**Work instructions**
Please output exactly the lines below, starting at the line that has "Step out in" and ending at the line that has "江宁区书香少年——孟凡", both included; leave out all pictures and include nothing else.

**Entries shown**
▬▬▬▬▬▬▬▬▬▬
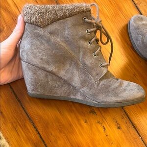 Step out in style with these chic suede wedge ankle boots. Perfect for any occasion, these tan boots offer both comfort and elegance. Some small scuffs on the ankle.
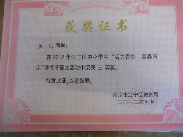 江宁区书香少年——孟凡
▬▬▬▬▬▬▬▬▬▬
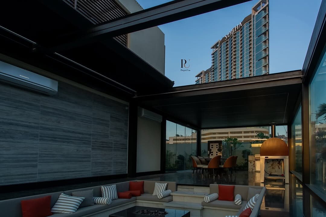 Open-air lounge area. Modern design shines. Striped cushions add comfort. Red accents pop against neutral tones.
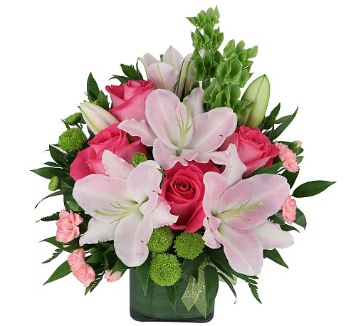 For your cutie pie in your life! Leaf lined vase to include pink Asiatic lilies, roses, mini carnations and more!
▬▬▬▬▬▬▬▬▬▬
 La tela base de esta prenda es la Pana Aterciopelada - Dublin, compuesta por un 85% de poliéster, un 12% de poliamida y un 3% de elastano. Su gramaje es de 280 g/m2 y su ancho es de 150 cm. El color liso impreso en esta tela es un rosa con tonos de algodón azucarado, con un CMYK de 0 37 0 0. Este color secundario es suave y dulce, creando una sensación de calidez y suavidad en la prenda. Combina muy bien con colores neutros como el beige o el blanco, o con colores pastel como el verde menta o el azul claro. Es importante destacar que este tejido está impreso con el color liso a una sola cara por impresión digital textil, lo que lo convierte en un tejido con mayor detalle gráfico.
▬▬▬▬▬▬▬▬▬▬
**Written solution**
 Step out in style with these chic suede wedge ankle boots. Perfect for any occasion, these tan boots offer both comfort and elegance. Some small scuffs on the ankle.
 江宁区书香少年——孟凡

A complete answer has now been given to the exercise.